Banks agree to fund Tube line to Docklands
THE pounds 1.7bn project to extend the Jubilee underground line to the London Docklands looks like being saved, writes Jason Nisse. The Government has been offered the deal it wanted by bankers.
Six of the 11 banks that lent more than pounds 600m to the failed Canary Wharf project agreed yesterday to provide pounds 400m towards the cost of the extension.
The Department of Transport is not expected to make a statement before the Chancellor's Autumn Statement. However, Steven Norris, the minister for transport in London, said this week that he was keen for the Jubilee Line project to go ahead.
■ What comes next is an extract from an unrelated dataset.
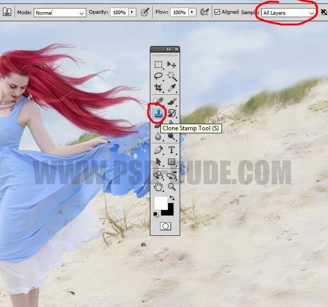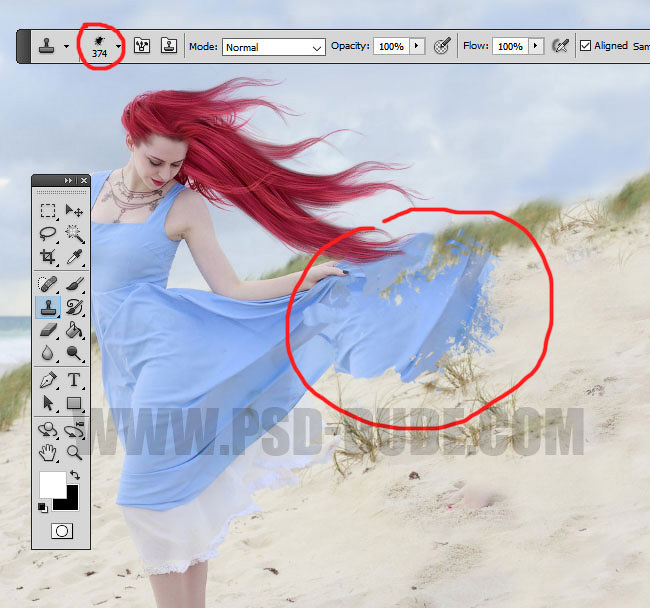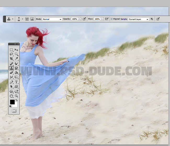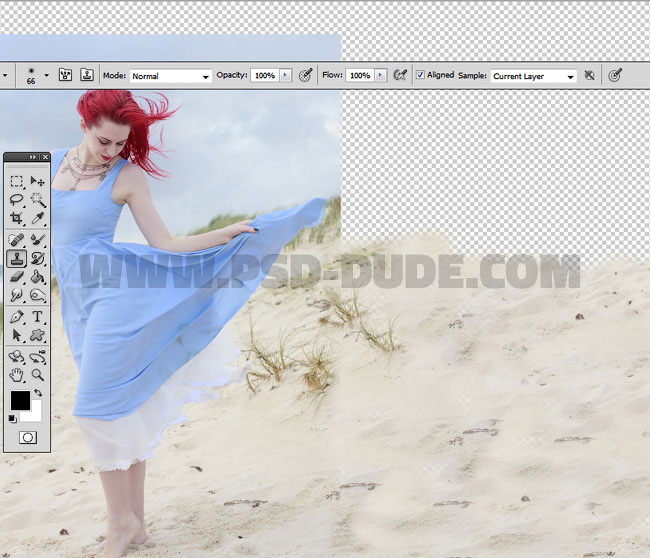 (Clone Stamp Tool), чтобы заполнить образовавшееся пустое пространство текстурой песка и травы и воссоздать задний фон, как на оригинальном изображении. Используйте мягкую круглую кисть в качестве инструмента для клонирования. Удерживая клавишу (ALT), щёлкните по текстуре песка, чтобы отобрать образец для клонирования. Просто используйте инструмент, чтобы прокрасить поверх пустых участков изображения.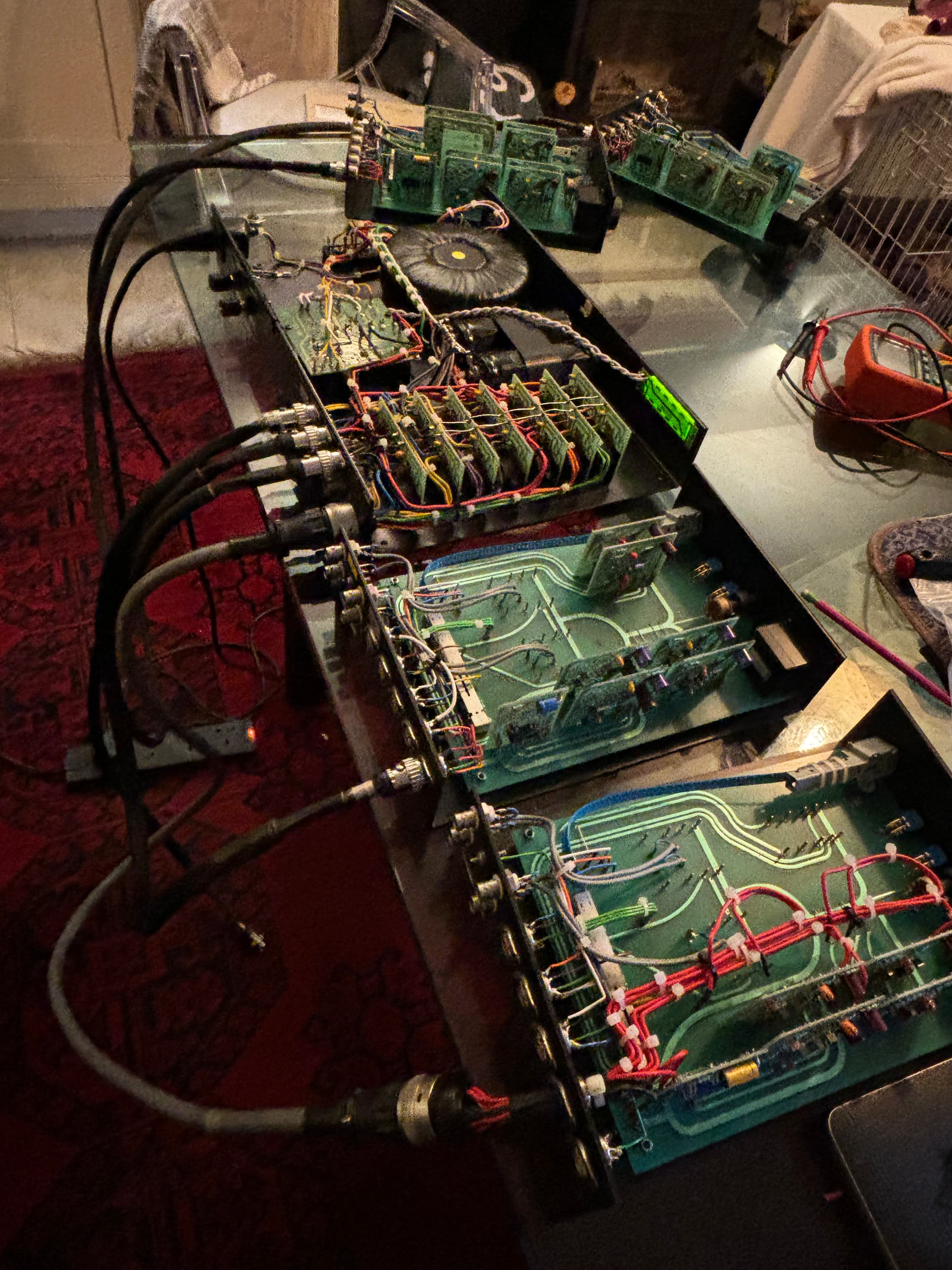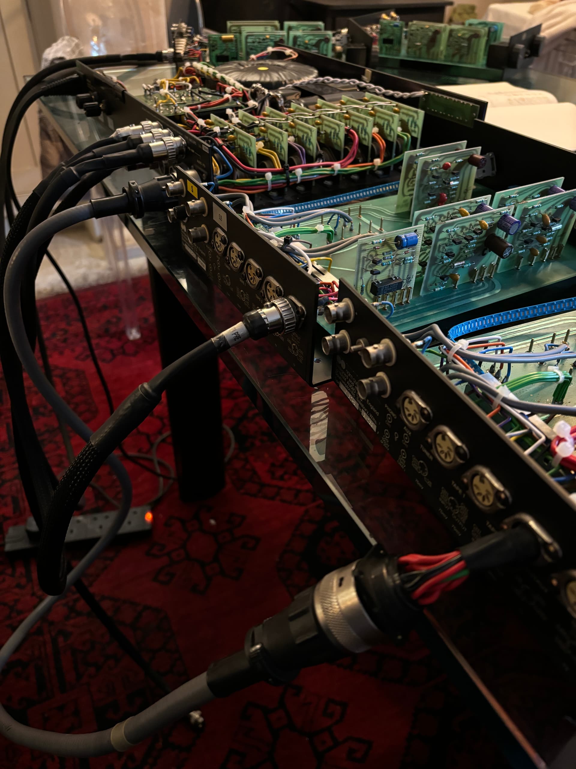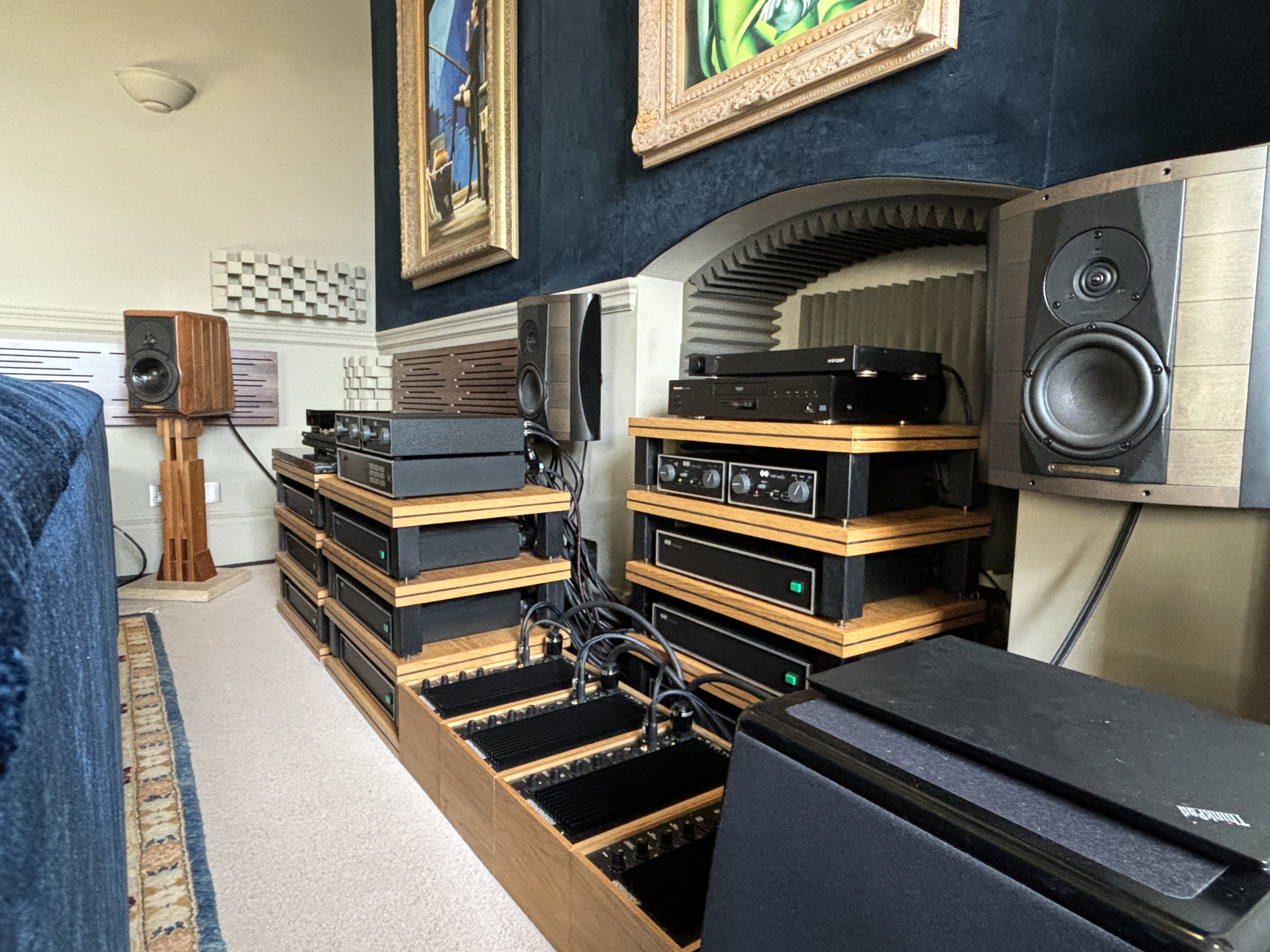 I run analogue out from the 9000 Blu-Ray for audio (Quite heavily modded) and HDMI for picture (Lumagen then projector) A supercap has been used to feed power to the 4 32.5’s I trim volume in the player so each wheel is matched and then have 4 volumes for 8 channels. Bass is more complex as I run 5 subs and only EQ and align those subs, no EQ on the 7 bed later channels

London Underground, which has committed pounds 200m to the project, estimates it would create 12,000 jobs. Work can start within a month of any government agreement. London Underground would move its engineering department, employing 2,000 people, to Canary Wharf if the line was built.
The banks - Barclays, Lloyds, Credit Lyonnais, Credit Suisse, Commerzbank and Kansallis-Osake-Pankki - agreed to provide pounds 100m immediately and pounds 300m over 30 years, as originally offered by Canary Wharf's developers, Olympia & York.
The banking consortium had previously made the contribution conditional on 2,500 civil servants being moved to Canary Wharf.
The extra money will increase the banks' exposure to Canary Wharf and they will take extra charges over properties there.